◆ Stored data ◆
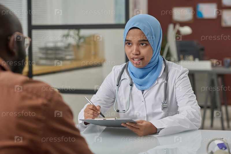 Женщина-медицинский работник, проводящая встречу с чернокожим пациентом мужского пола
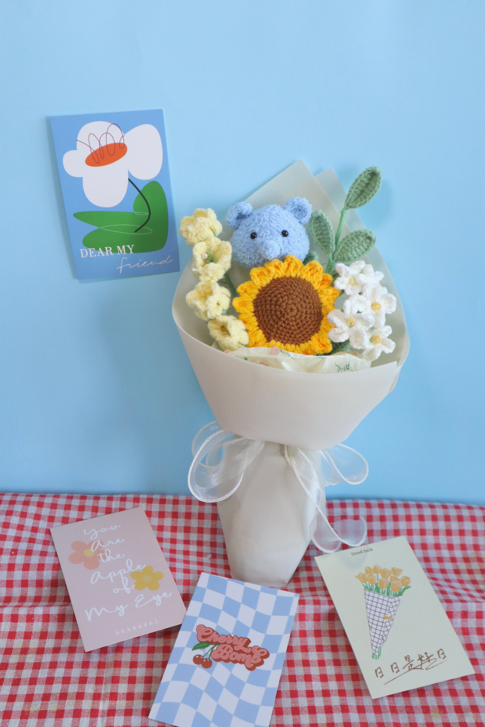 Perfect for a any ocassions. Our crochet flowers are a vibrant and thoughtful alternative to traditional bouquets. Crafted with care and high-quality yarn, they offer a soft touch and a burst of vivid hues that leave a lasting impression.
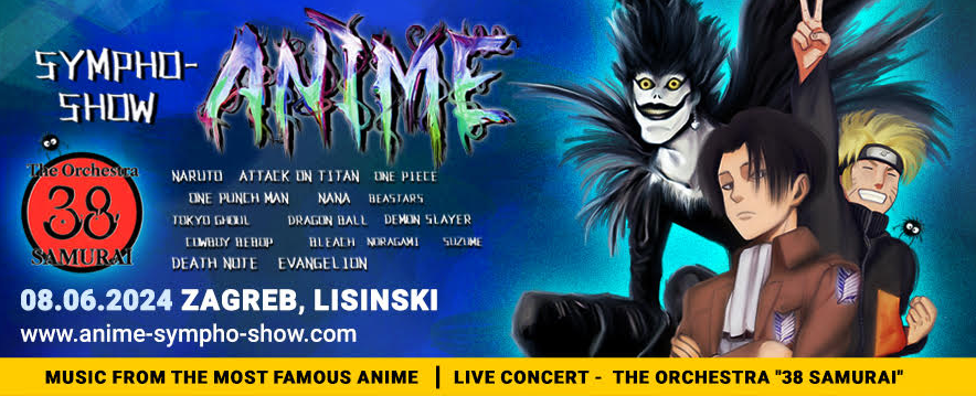 Konnichiwa svim ljubiteljima japanske animacije, kulture, i naravno, glazbe! Glazba, japanska glazba! Orkestar 38 SAMURAI želi vas vidjeti na zadivljujućem vizualnom spektaklu “Anime Sympho-Show”, koji će se održati u sklopu njihove europske turneje 2024. u Lisinskom 8. lipnja.
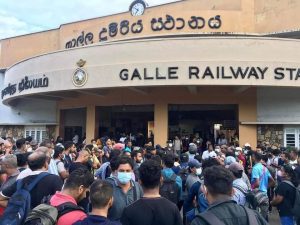 காலி ரயில் நிலையத்திலிருந்து புறப்பட்ட ஆர்ப்பாட்டக்காரர்கள்

◆ Task brief ◆
Repeat the listing above exactly, with no pictures.

◆ Exercise output ◆
 Женщина-медицинский работник, проводящая встречу с чернокожим пациентом мужского пола
 Perfect for a any ocassions. Our crochet flowers are a vibrant and thoughtful alternative to traditional bouquets. Crafted with care and high-quality yarn, they offer a soft touch and a burst of vivid hues that leave a lasting impression.
 Konnichiwa svim ljubiteljima japanske animacije, kulture, i naravno, glazbe! Glazba, japanska glazba! Orkestar 38 SAMURAI želi vas vidjeti na zadivljujućem vizualnom spektaklu “Anime Sympho-Show”, koji će se održati u sklopu njihove europske turneje 2024. u Lisinskom 8. lipnja.
 காலி ரயில் நிலையத்திலிருந்து புறப்பட்ட ஆர்ப்பாட்டக்காரர்கள்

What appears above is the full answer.